/Disaster-Tweets-Classification

Predicting which Tweets are about real disasters and which one’s aren’t.

Primary LanguageJupyter Notebook

Disaster-Tweets-Classification

Predict which Tweets are about real disasters and which ones are not.

Twitter has become an important communication channel in times of emergency. The ubiquitousness of smartphones enables people to announce an emergency they’re observing in real-time. Because of this, more agencies are interested in programatically monitoring Twitter (i.e. disaster relief organizations and news agencies).

But, it’s not always clear whether a person’s words are actually announcing a disaster. The task is to build a machine learning model that predicts which Tweets are about real disasters and which one’s aren’t.

Dataset

The dataset has been acquired from the Kaggel Competition -Real or Not? NLP with Disaster Tweets.

Each sample in the train and test set has the following information:

  • The text of a tweet
  • A keyword from that tweet (although this may be blank!)
  • The location the tweet was sent from (may also be blank)

Acknowledgments

This dataset was created by the company figure-eight and originally shared on their ‘Data For Everyone’ website here.

Tweet source: https://twitter.com/AnyOtherAnnaK/status/629195955506708480

Initial Research and References Used

The problem is a typical text classification problem. I used the approach mentioned in the paper Universal Language Model Fine-tuning for Text Classification by Jeremy Howard and Sebastian Ruder.

ULMFiT used a state-of-the-art language model at the time, the AWD-LSTM. The AWD-LSTM is a regular LSTM with tuned dropout hyper-parameters.

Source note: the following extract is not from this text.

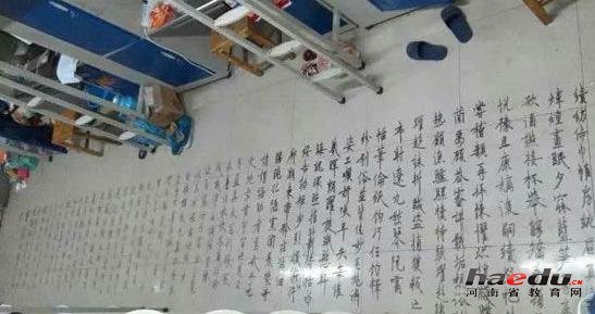 谁说书法只能在纸上写,河南高校一位学生为了练习书法,已经将目光盯上了宿舍的地板,用行书在地板上写下了千字文。
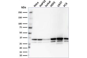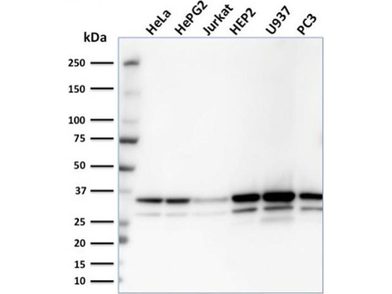 Positive Control: Jurkat or HeLa cell lysates.

Validation error rates for supervised and semi-supervised ULMFiT vs. training from scratch with different numbers of training examples on IMDb:

High level ULMFiT approach (IMDb example)

The approach involves fine-tuning a pre-trained language model in un-supervised manner and then using the encoder to build the classifier.

Other improvements used:

  • Slanted Triangular Learning Rates
  • Discriminate Learning Rate
  • Gradual unfreezing

The images are taken from the fastai NLP page.

Code:

The code is written using fastai modules based on pytorch.

Kaggle Kernel is used to code the whole project. The notebook can be viewed here.

Results:

  • Got a public score of 0.80764 on the competition's test set.

Loss Plot:

The notebook can be easily viewed here.

    The Project is in progress for further improvement in performance scores.